Writing Lean and Mean Web Content
The Main Question: Whom are you trying to reach? What are the main points you want to tell them? You must answer these questions before starting to compose your content.
For my site Gimme Sweeps, I know that my readers want the facts on each sweepstake. I am not writing press copy here. I give them just the information they need to decide if they want or are eligible to enter that particular sweepstake or not.
Studies of how people read on the Web indicated that they:
1. prefer to scan rather than read
2. want text to be short and to the point
3. do not like marketing hype
How To Write For the Web
When writing for a newspaper or a magazine, you are writing for everyone, every type of person. When writing for the Web, you are targeting a very specific audience - the ones who will want to come to your site. Keep that in mind as you compose. How does that person want to be approached? What are their main concerns? What information are they looking for?
Give your visitor that information immediately - grab them with your first sentence. That back button is their way out and they are not afraid to use it!

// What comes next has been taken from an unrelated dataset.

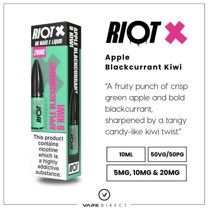 Experience a burst of summer with Apple Blackcurrant Kiwi by Riot X. This refreshing blend perfectly balances the taste of crisp apples with tangy blackcurrant notes and a hint of exotic kiwi for a truly fruity vape.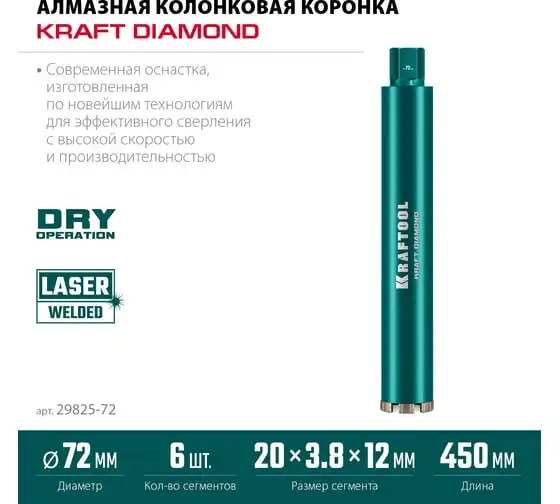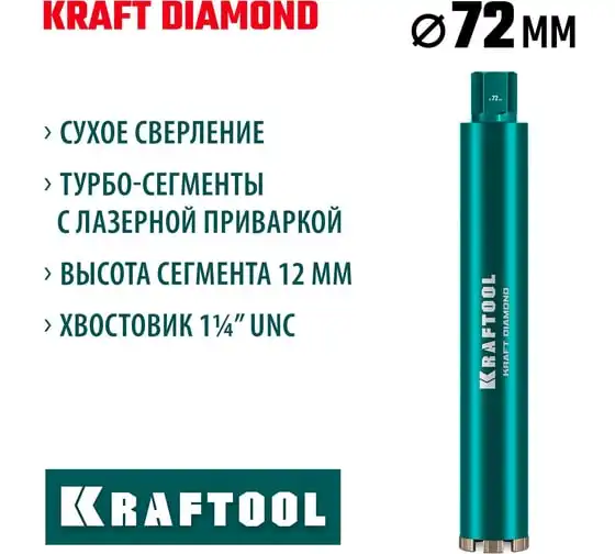 Алмазная коронка по железобетону KRAFTOOL Diamond 72 мм 29825-072

Do keep your content scannable and concise. Answer the questions you believe that a potential customer or new viewer might have. Think of which questions you would ask. Keep the tone and vocabulary conversational.
Don't make it a term paper. Keep it simple (the KISS principle). Keep the vocabulary mainstream. Keep your text to the point and keep your paragraphs to a few sentences only. Nothing is as daunting as looking down a page full of text with no breaks. It seems more like a homework assignment.
Finally, use correct grammar and spelling! Nothing is more unprofessional than errors in the content copy.